The Four Horsemen resurface. Now forcibly recruited by a tech genius to pull off an impossible heist, their biggest to date. It has been a year now since they outwitted the FBI and won over the public.
Now You See Me 2 is an engrossing film. It is fun, with action, mis-direction, a plot that will leave the viewer guessing as it twists and turns.
The film features a highly talented ensemble cast: Jesse Eisenberg (Batman v Superman: Dawn of Justice, American Ultra), Mark Ruffalo (Avengers: Age of Ultron, Now You See Me), Woody Harrelson (Triple 9, The Hunger Games: Catching Fire) , Dave Franco (22 Jump Street, The Lego Movie), Daniel Radcliffe, Lizzy Caplan, Sanaa Lathan, Michael Caine (Kingsman: The Secret Service, Interstellar) and Morgan Freeman (Lucy, Transcendence). With names like these, and their filmographies, there is talent abound.
As for rewatch value of the film, although subsequent views would not have the allure of all the plot twists, there are many subtleties to the story that are easily missed in an initial viewing, making it well worth seeing again. Read the full review of Now You See Me 2 here.

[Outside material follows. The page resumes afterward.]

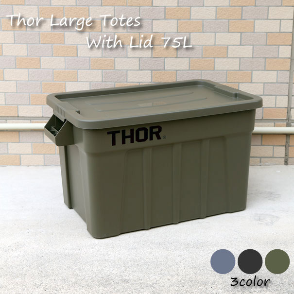【ポイント最大33倍!26日1:59まで】TRUST Thor Large Totes With Lid 75L 収納ケース ブラック グレー オリーブドラブ カーキ フタ付き おしゃれ プラスチック

Technically, the disc is a huge disappointment. There are some artefacts in the video in some scenes, most likely from the compression process. And the missing bonus features that are listed on the DVD box.
The main feature is great, but let down by a poor quality disc.
Now You See Me 2 is available now, to purchase on disc, in South Africa.
The disc is encoded at a high average bitrate, however in several scenes (most notably those with blue stage lighting) there are compression artefacts visible on screen. Colours do also appear washed out.
It would not be recommended to scale this up to a larger or higher resolution screen, as this would merely serve to exacerbate the lower quality visuals.
There is a choice of two audio soundtracks, namely a Dolby Digital 5.1 track, and a 2.0 stereo downmix.
In the 5.1 track, dialogue is clear via the centre speaker. Surround channels are used to great effect in many scenes to expand the on-screen action, and further draw the viewer in to the story.
From the start, the disc dazzles with flashy menus, with video backgrounds taken from some clips in the main film. These are non-spoilers. There is a music accompaniment for the menus.
Navigation is simple though, and easy to follow, with choices to play the movie, a sub-menu for selecting between Dolby Surround or Dolby Stereo and another sub-menu for scene selection. Scenes are chosen from small still image thumbnails, with neither a chapter number or description (unless a faint number in the thumbnail counts). The thumbnails are in black and white, with ten per sub-menu screen, making it rather difficult to pick a specific chapter in the film.
Selecting the audio menu on your DVD software or set-top box will take you to the audio setup menu, but there is no option to resume the film, and it starts from the beginning again.
The DVD box states that there are two bonus features. An audio commentary by director Jon M. Chu, and a feature “You Can’t Look Away”, however neither of these are accessible on the disc, and likely not present.